Initial cost, basic familiarity, required maintenance, piping orientation, and process media all prove factors that can influence the selection of a particular style of check valve. Exploring an array of the common types of these valves can help one begin to make an informed decision in determining the appropriate valve for one’s specific application.
The conventional swing check valve serves as one of the more widely recognized check valve varieties. This arrangement incorporates a circular disc whose face rests perpendicular to the flow path when in the closed position. The hinge at the top of the disc allows this flapper to swing open when the media flows in the desired direction. When flow begins to reverse in the opposite direction, the retroaction of the service media pushes against the disc forcing it closed and thus preventing further backflow. One often finds swing check valves employed on wastewater and other liquid services as the top-hinged design allows the disc to swing entirely out of the flow path of the media when in the open position, reducing turbulence and minimizing the surfaces where particulates can accumulate. Given that the nature of this design utilizes the reversal of flow to assist in the closure of the valve, such a swing check would not prove ideal in applications where the elimination of all backflow remains a priority. Further, reliance on this back flow leaves this configuration susceptible to impacts of water hammer frequently leading to increased maintenance. Additionally, as the design needs to accommodate the rotation of the full disc out of the flow path, swing checks can grow obtrusively bulky in larger sizes.
A tilting disc check valve modifies the traditional swing check design by eliminating the hinge at the top edge of the disc in favor of a pivot point situated with a double off set from the disc’s center. This eccentric placement of the pivot point means that, although the disc will not fully clear the flow path as in a traditional swing check, it will impede the flow path less than a centrally placed hinge point while still allowing flow both above and below the disc when resting in the open position. This design offers several advantages including the ability of the valve to open at lower pressures.
A dual disc check valve, also known as a double door check valve, splits the central disc into two independently functional, semicircular doors both hinged on a central pivot point. Unlike other swing checks, this dual disc configuration allows the valve to assume a wafer type design that offers a significantly more compact space envelope, especially in larger sizes. Further, this design relies on spring force to keep the discs against the seat when resting in the closed position. When the upstream pressure eclipses the cracking pressure of the check valve, the doors open allowing flow to pass. However, as that upstream pressure decreases, the spring force automatically returns the doors to the closed position. This spring assist proves significant in that it does not rely on a reversal of flow to close the valve, but rather the spring force enables the dual discs to fully seat before flow reverses.
The traditional swing check valve, tilting disc check valve, and double door check valve all employ rotating members as the opening and closing element of the respective valve designs. Alternative configurations, such as ball checks or piston checks, have no rotational members but instead use a sealing element that lifts linearly off the seat to open the valve.

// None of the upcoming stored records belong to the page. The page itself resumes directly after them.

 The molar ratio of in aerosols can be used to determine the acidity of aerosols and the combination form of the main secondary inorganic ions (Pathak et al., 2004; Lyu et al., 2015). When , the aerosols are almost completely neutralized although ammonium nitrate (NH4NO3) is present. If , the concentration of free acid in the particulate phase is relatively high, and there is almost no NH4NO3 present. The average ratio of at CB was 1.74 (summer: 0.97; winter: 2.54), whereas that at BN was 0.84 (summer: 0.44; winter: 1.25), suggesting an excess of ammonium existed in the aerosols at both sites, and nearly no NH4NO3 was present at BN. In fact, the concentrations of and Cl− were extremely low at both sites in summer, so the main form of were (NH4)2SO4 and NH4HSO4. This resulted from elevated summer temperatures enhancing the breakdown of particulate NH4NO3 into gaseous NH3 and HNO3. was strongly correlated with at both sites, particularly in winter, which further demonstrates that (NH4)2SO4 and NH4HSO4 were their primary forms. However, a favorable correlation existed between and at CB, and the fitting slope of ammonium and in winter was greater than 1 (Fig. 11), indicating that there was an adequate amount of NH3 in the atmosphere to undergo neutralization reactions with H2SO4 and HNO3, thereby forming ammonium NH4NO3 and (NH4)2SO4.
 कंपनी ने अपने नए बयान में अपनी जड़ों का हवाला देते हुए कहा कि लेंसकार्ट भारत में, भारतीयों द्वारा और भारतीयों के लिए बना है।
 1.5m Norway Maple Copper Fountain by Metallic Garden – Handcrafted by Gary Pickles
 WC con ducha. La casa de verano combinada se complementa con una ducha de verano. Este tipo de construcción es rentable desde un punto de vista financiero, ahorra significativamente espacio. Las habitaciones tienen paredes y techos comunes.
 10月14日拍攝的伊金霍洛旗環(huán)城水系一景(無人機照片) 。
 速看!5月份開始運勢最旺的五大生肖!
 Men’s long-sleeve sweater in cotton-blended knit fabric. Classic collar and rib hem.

Many of these lift check devices employ gravity, as opposed to a spring or flow reversal, as the force which returns the disc or ball to the seat to seal the valve. When flow proceeds in the desired direction, the force of the media itself lifts the sealing member from the seat. As the flow decreases, gravity will draw the disc or the ball back into the seated position. While these checks typically require less maintenance, gravity assisted designs of this sort prove entirely dependent on the orientation of the check valve. Some will require installation in vertical piping with an upward flow direction. Other styles, like gravity-dependent globe style lift checks, can function only when installed in horizontal piping.

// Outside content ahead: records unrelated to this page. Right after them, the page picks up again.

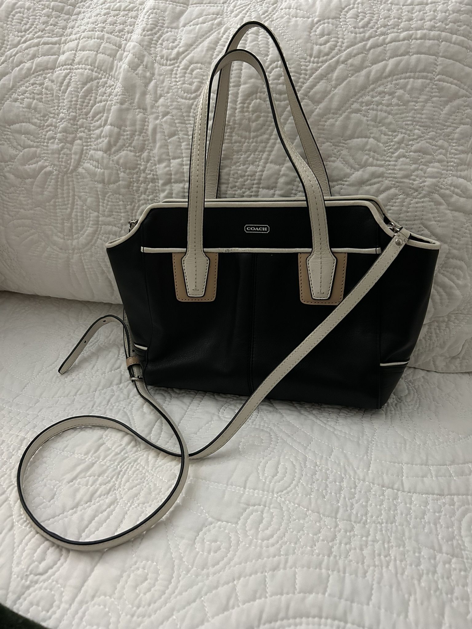 Authentic Coach TAYLOR SPECTATOR LEATHER BETTE MINI TOTE CROSSBODY Very good condition inside and out! Inside zip and multifunction pockets Zip-top closure, fabric lining Outside open pocket Handles with 5" drop Adjustable strap for shoulder or crossbody wear 13" (L) × 8" (H) x 3 3/8" (W) Clean Smoke-free, pet-free home! Great gift idea! $55. Firm
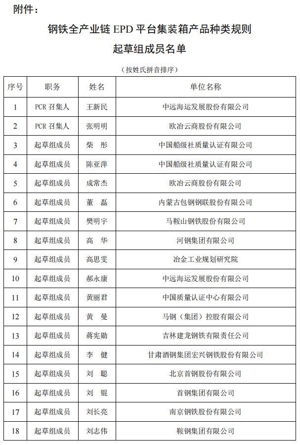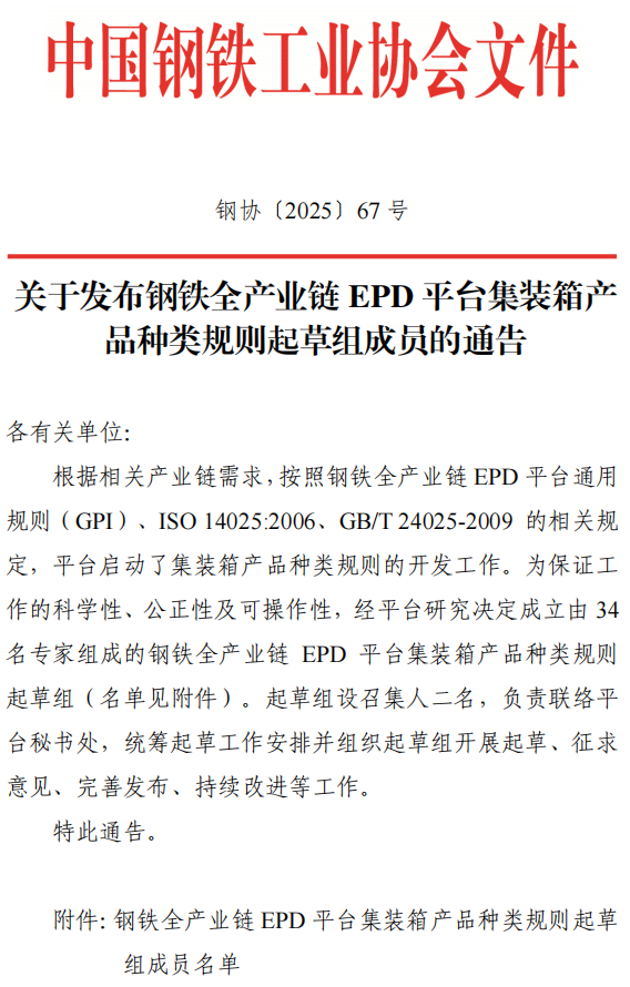 关于发布钢铁全产业链EPD平台集装箱产品种类规则起草组成员的通告
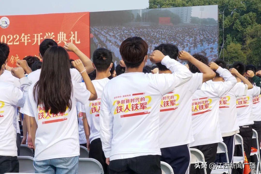 新生佩戴校徽宣誓仪式上,全体新生整装肃立,郑重地将校徽佩戴至左胸前。“遵循‘日新其德、止于至善’的校训,争做新时代铁人铁军,力做有理想、敢担当、能吃苦、肯奋斗的新时代华交青年......”新生右手握拳,铮铮誓言激发着奋进的力量。
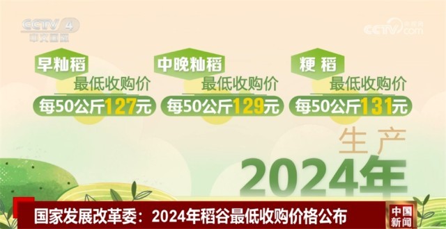 記者從國家發(fā)展改革委了解到,經(jīng)國務(wù)院批準(zhǔn),今年國家繼續(xù)在稻谷主產(chǎn)區(qū)實(shí)行最低收購價(jià)政策,2024年生產(chǎn)的早秈稻(三等)、中晚秈稻和粳稻最低收購價(jià)分別為每50公斤127元、129元和131元。限定2024年最低收購價(jià)稻谷收購總量為5000萬噸,其中秈稻2000萬噸、粳稻3000萬噸。
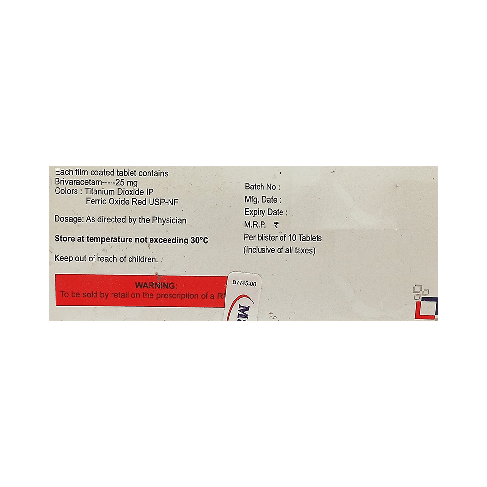 Brivanext 25 Tablet is an anti-epileptic medicine used to treat seizures (fits) in epilepsy. It can be used alone or along with other medicines. It helps to prevent seizures for as long as you continue to take it. Brivanext 25 Tablet suppresses the abnormal electrical activity in the brain. You can take it regularly with or without food but try to take it at the same time each day to get the most benefit. The dose and how often you need it will be decided by your doctor so that you get the right amount to control your seizures. It may be increased gradually.It is generally advised as a long-term treatment. You should continue taking it for as long as your doctor has told you to, even if you feel well. If you stop or miss doses your seizures could get worse. Do not stop taking this medicine unless your doctor tells you to. This is because stopping the medicine suddenly could make your seizures worse.Some common side effects of this medicine include dizziness, headache, nausea, and vomiting. You may also experience behavioral changes, aggressive behavior, irritation, agitation, etc. Side effects are more common during the first few weeks and usually lessen as your body gets used to the medicine. Most of these side effects do not need medical attention, but some of them can be serious. A small number of people being treated with this medicine have had thoughts of harming or killing themselves. Contact your doctor if your mood changes for the worse.Before taking it, you should tell your doctor if you have liver or kidney-related problems, depression, or suicidal thoughts, and if you are pregnant or planning to become pregnant. Breastfeeding mothers should also consult their doctor before taking this medicine.
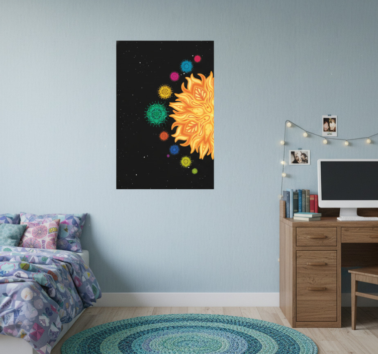 この鮮やかなアートワークは、複雑な模様を持つ印象的な太陽が描かれ、深い黒の背景に対して温かさを放っています。周囲には鮮やかな色彩の天体が浮かんでおり、宇宙のテーマをさらに引き立てています。創造性と想像力を呼び起こすのに最適なこの作品は、どんな空間にも驚きの感覚をもたらします。

In these linearly stroking configurations, the incorporation of a spring as the opposing force returning the valve to the normally closed position, in lieu of a reliance on gravity alone, significantly improves the versatility of their application. Having such a spring allows one to employ these checks in a variety of piping orientations and it proves an essential element in the design of both silent checks and restrictor checks. Silent check valves, also known as non-slam valves, commonly utilize a piston with a short stroke and incorporate a spring to oppose the linear axial motion of the piston in the direction of the flow. The short stroke and spring action allow the valve to open and close quickly mitigating the shockwave effect of water hammer and yielding the name silent check. Alternatively, a restrictor check valve can employ a variety of different springs to manipulate the desired cracking pressure of said check valve so that flow will not begin until the process reaches a specified pressure. The ability to select this value of restriction leads to the name restrictor check.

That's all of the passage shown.